Fabiano, F., Christensen, H.M., Strommen, K. et al. Euro-Atlantic weather Regimes in the PRIMAVERA coupled climate simulations: impact of resolution and mean state biases on model performance. Clim Dyn 54, 5031–5048 (2020). https://doi.org/10.1007/s00382-020-05271-w

Hochman A, Alpert P, Harpaz T, Saaroni H, Messori G. 2019. A new dynamical systems perspective on atmospheric predictability: eastern Mediterranean weather regimes as a case study. 5: eaau0936. https://doi.org/10.1126/sciadv.aau0936

Line 58: Please discuss the number of regimes some more. There are a few articles focusing on this aspect in the literature. Some use two regimes (Wallace and Gutzler, 1981), others use four (Vautard 1990), six (Falkena et al., 2020) or seven (Grams et al., 2017) regimes. This is important as you use an outstanding number of 43.

References

Falkena, S. K., de Wiljes, J., Weisheimer, A., & Shepherd, T. G. (2020). Revisiting the identification of wintertime atmospheric circula-tion regimes in the Euro-Atlantic sector. Quarterly Journal of the Royal Meteorological Society, 146, 2801–2814. https://doi.org/10.1002/qj.3818

Grams, C. M., Beerli, R., Pfenninger, S., Staffell, I., & Wernli, H. (2017). Balancing Europe’s wind-power output through spatial deployment informed by weather regimes. Nature Climate Change, 7, 557–562. https://doi.org/10.1038/nclimate3338

Vautard, R. (1990). Multiple weather regimes over the North Atlantic: Analysis of precursors and successors. Monthly Weather Review, 118,2056–2081. https://doi.org/10.1175/1520-0493(1990)118<2056:MWROTN>2.0.CO;2

Wallace, J. M., & Gutzler, D. S. (1981). Teleconnections in the geopotential height field during the Northern Hemisphere winter. MonthlyWeather Review, 109, 784–812. https://doi.org/10.1175/1520-0493(1981)109<0784:TITGHF>2.0.CO;2

Line 64-66: This is a very strong critic on all prior classifications and should be further explained why none fit your purpose. These classification procedures were all used extensively in the literature. If you state this, you should at least demonstrate how your classification is superior.

Data and methods

Line 80: If you use ERA-interim and not ERA5 reanalysis, you should at least say why, and mention some of the studies comparing the two data sets. I do not expect much difference for large-scale weather regimes, but this should be at least discussed.

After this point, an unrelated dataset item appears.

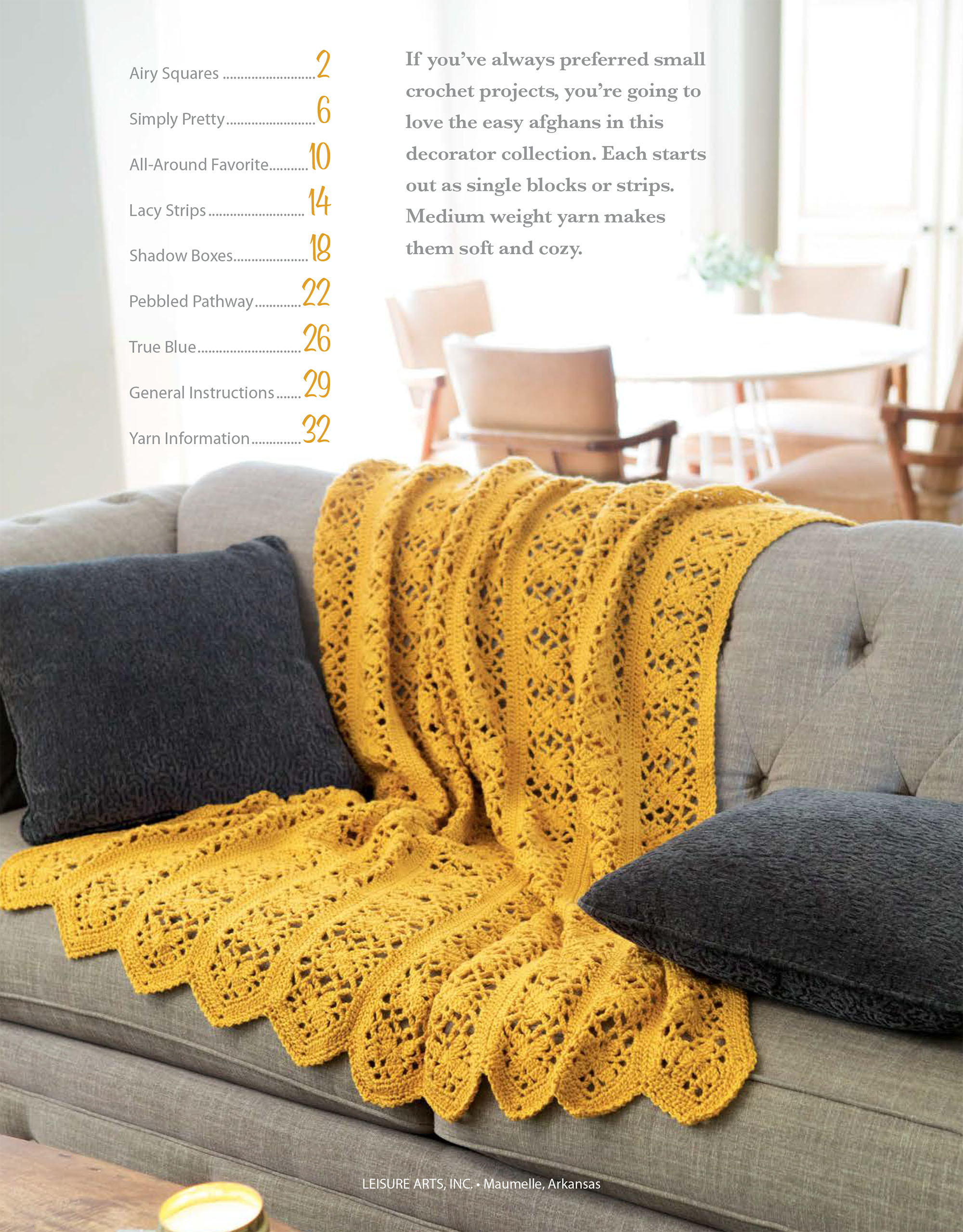Crochet Blocks & Strips Crochet- If you’ve always preferred small crochet projects, decorating your home is now easy with 7 different block-by-block or strip-by-strip designs. These easily transported motifs are great for on the go projects that are then quickly assembled with whipstitches that blend into your project. Make your own with size 4 medium weight yarn and US size H, I or J crochet hooks. Includes stitch guides, diagrams, instructions and general crochet information. Finished afghan sizes measures between approximately 47″x 61″ and 50″x 67″. Easy skill level. 32 pages, softcover.

Line 82: Please justify why you use 12:00UTC and not daily or all 6-hourly data.

Line 82: How did you coarse grain the data and why to 2×3 degrees?

You often use ‘synoptic scale’, but I think it is more accurate to consider these regimes as large-scale features. I would try being more accurate on this. Perhaps change throughout the text.

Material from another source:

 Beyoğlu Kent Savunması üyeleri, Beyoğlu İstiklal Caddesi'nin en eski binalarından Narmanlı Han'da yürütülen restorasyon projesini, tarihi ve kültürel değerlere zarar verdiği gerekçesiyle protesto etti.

Line 95: Why 151 days of smoothing? Please justify this choice.

Results

Lines 436-440: I do not completely understand how you obtained high resolution relative to coarse resolution in figure 9.

Line 454-456: Your motivation was not to use centroids in the introduction and methods section, but then you test your medoids and say that they are very similar to the centroids. Is this not a circular argument?

Section 4.6: Perhaps provide some illustrations of the different classes in the CMIP6 models, in addition the quality indices in the table.

Table 3: I believe that there is not much difference between the models in the ‘transit’ and ‘persist’ values because there are so many classes. In addition, for the other indices the standard deviation is rather low, which is a bit surprising for more than 30 models. They all do pretty much the same job, which is again a bit surprising.

Are the models evaluation criteria significantly different from one another? I think you should test this.

Conclusions

This section is rather very short and should have a bit more discussion with respect to other articles evaluating models using a classification procedure. The article would also benefit from explaining what is better or similar in the new classification with respect to other methodologies used in the literature. The potential use of this methodology in climate projections or extended-range weather forecasts should probably also be discussed.

Technical comments:

Line 82-84: Please rephrase, something is missing here.

Line 307: This should be ‘Results’ and not ‘Method’ section.

Line 318: Change ‘gives us an evidence that’ to ‘provides evidence that’.

Line 357: Change ‘gives an evidence that’ to ‘provides evidence that’.

Figures:

Figure 4: It is very hard to see anything with so many panels.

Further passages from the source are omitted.